A Receita Federal estima perda de 62 milhões de reais em 2020 com limite maior para compras nos free shops

FONTE: O SUL

A Receita Federal estimou perda de arrecadação de R$ 62,64 milhões em 2020 com o aumento do limite para compras em free shops para US$ 1.000 (R$ 4.100), que entrará em vigor a partir de 1º de janeiro.

O cálculo, divulgado nesta terça-feira pelo Ministério da Economia, projeta a perda em relação à regra vigente hoje, de um teto de US$ 500. Nas contas da Receita, essa perda chegará a R$ 72,10 milhões em 2021, R$ 83,03 milhões em 2022 e R$ 95,53 milhões em 2023.

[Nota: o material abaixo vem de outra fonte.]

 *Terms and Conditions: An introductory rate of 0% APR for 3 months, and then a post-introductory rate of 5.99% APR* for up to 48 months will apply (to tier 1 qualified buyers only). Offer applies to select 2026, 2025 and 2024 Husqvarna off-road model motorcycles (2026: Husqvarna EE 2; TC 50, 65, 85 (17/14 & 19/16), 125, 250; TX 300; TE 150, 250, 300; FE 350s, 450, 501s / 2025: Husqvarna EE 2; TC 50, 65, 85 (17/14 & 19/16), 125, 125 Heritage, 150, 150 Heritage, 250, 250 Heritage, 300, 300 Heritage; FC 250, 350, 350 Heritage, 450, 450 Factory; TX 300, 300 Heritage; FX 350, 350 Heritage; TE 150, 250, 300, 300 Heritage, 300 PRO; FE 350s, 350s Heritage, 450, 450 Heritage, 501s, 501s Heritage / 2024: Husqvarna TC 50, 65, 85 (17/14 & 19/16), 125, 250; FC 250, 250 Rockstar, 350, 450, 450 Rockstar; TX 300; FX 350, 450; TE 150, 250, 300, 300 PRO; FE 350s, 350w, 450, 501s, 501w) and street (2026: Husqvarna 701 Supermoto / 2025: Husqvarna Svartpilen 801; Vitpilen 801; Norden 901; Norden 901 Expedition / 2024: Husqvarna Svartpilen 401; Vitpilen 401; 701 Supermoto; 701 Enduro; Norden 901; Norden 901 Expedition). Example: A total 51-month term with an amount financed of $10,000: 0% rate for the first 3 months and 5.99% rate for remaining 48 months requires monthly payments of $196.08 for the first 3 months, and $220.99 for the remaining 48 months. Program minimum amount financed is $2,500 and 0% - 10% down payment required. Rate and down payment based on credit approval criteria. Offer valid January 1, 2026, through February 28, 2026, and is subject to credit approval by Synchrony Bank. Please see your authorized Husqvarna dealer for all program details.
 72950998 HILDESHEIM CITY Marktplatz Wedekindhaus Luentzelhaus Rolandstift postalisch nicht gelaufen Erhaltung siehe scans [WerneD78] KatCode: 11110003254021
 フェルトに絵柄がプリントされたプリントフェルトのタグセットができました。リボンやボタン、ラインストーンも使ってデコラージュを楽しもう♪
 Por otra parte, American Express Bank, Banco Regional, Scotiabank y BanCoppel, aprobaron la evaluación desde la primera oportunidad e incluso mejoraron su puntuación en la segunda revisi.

Embora os valores não sejam vultosos, eles significam, na prática, que o governo abrirá mão de receitas num momento em que as contas públicas seguem desequilibradas, numa trajetória de sucessivos déficits primários desde 2014.

A elevação do limite valerá por passageiro que chega ao país do exterior. A medida, que abarca as lojas francas em portos e aeroportos, havia sido anunciada pelo presidente Jair Bolsonaro em sua conta no Twitter na última semana e foi oficializada nesta terça-feira em portaria publicada no Diário Oficial da União.

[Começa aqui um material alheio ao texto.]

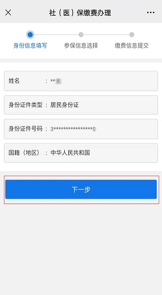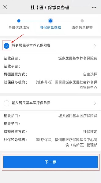 选择参保信息,点击“城乡居民基本养老保险费”或“城乡居民基本医疗保险费”,点击“下一步”按钮;
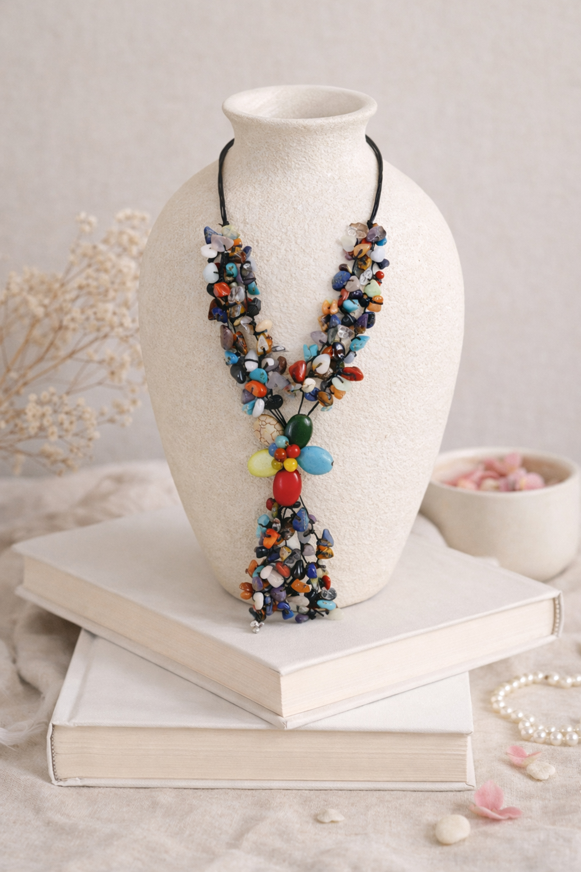 This gorgeous necklace, made of natural gemstones in a floral design, can add character to your outfit. This necklace was handmade in Thailand by artisan, Tor.
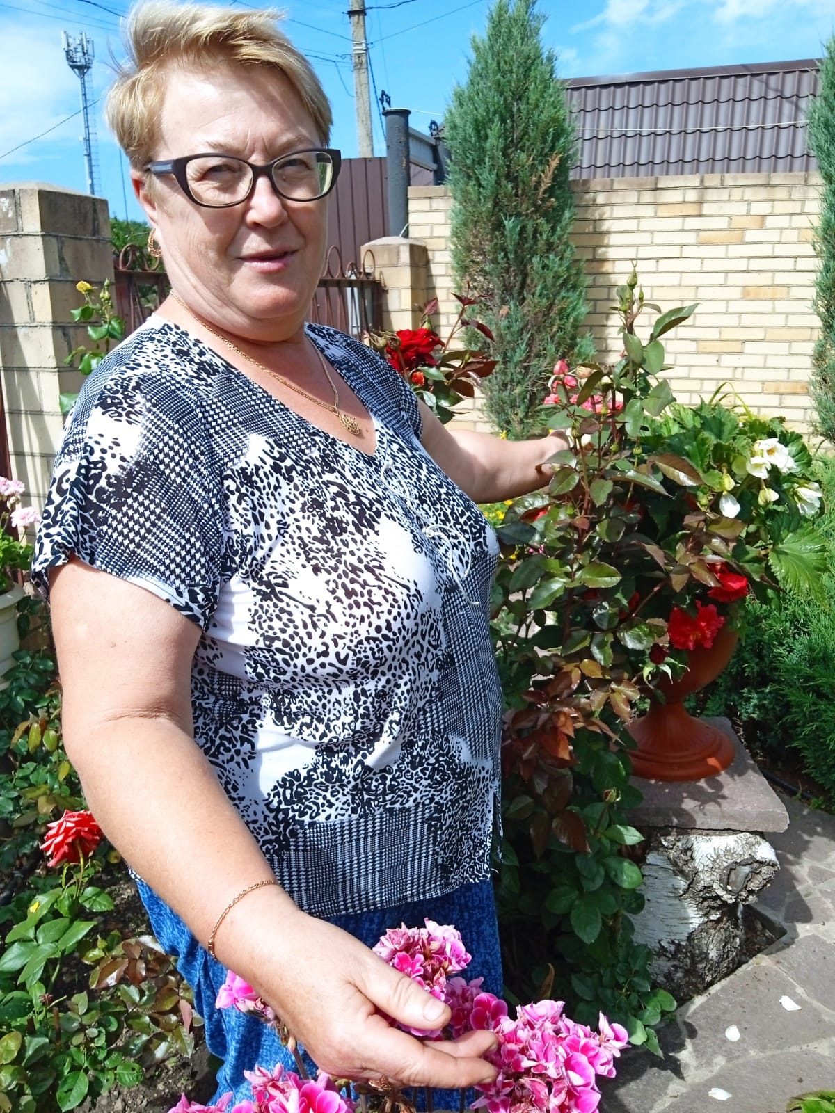 У Галины Ивановны особая гордость – придомовая территория частного дома, невозможно пройти мимо, чтобы не полюбоваться на красоту цветочных вазонов, 40 штук. Растут туя, гортензия, ассильдия, другие цветочные культуры.

Como mostrou a Reuters, a área técnica do Ministério da Economia havia se posicionado contra a iniciativa, argumentando que o limite de US$ 500 em vigor atualmente já é um dos mais elevados do mundo. Na Argentina, Chile, Paraguai e México, o teto é de US$ 300.

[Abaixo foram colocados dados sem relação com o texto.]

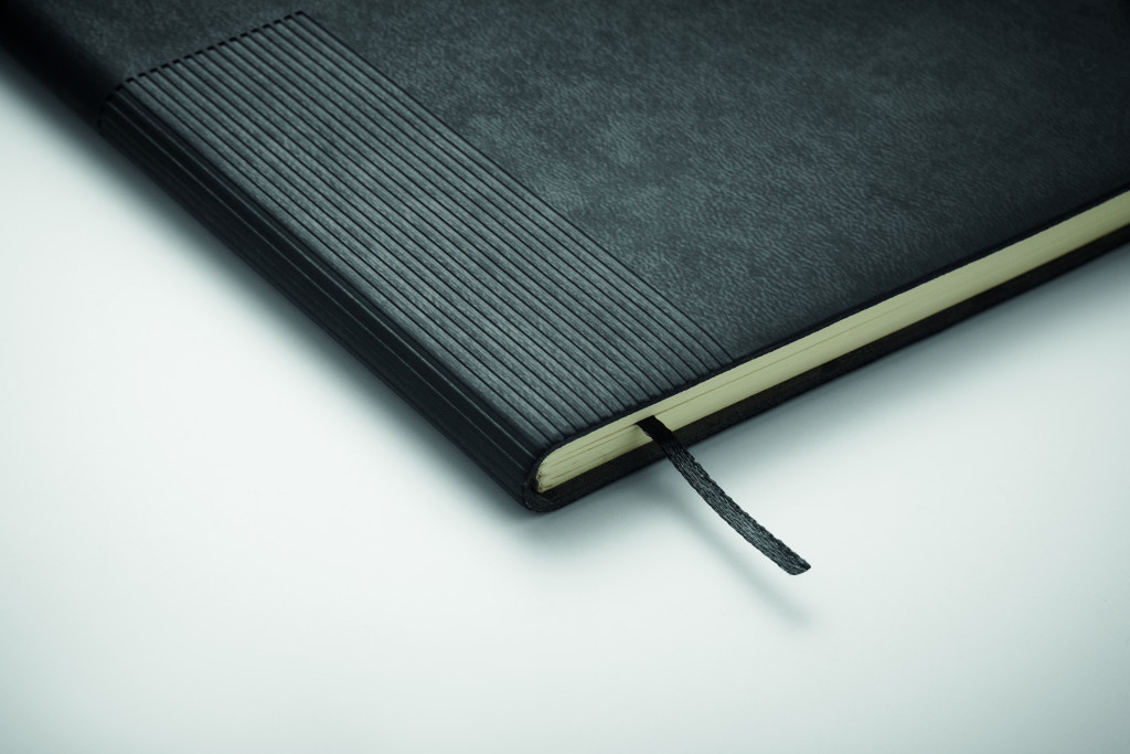 A5 jegyzetfüzet PU puhafedeles borítóval. Cérnafűzött. 160 vonalas oldal (80 lap), újrahasznosított papírból. Illeszkedő színű elasztikus zárópánt és könyvjelző szalag. Fém részlet az elülső oldalon.

Itens importados vendidos em free shops são isentos do Imposto de Importação, do IPI (Imposto sobre Produtos Industrializados) e do recolhimento de PIS/Pasep-Importação e Cofins-Importação.

Em manifestação interna feita antes do anúncio de Bolsonaro, a subsecretaria de Desenvolvimento de Comércio e Serviços do Ministério da Economia avaliou que essa isenção, já elevada na comparação mundial, configura uma vantagem competitiva que as lojas varejistas que vendem importados no Brasil não usufruem.

Bolsonaro também havia anunciado na semana passada que a cota permitida para compras no Paraguai também iria mudar, passando de US$ 300 para US$ 500 para os que cruzam a fronteira. Essa alteração, contudo, não foi formalizada até o momento. As informações são do jornal Folha de S. Paulo.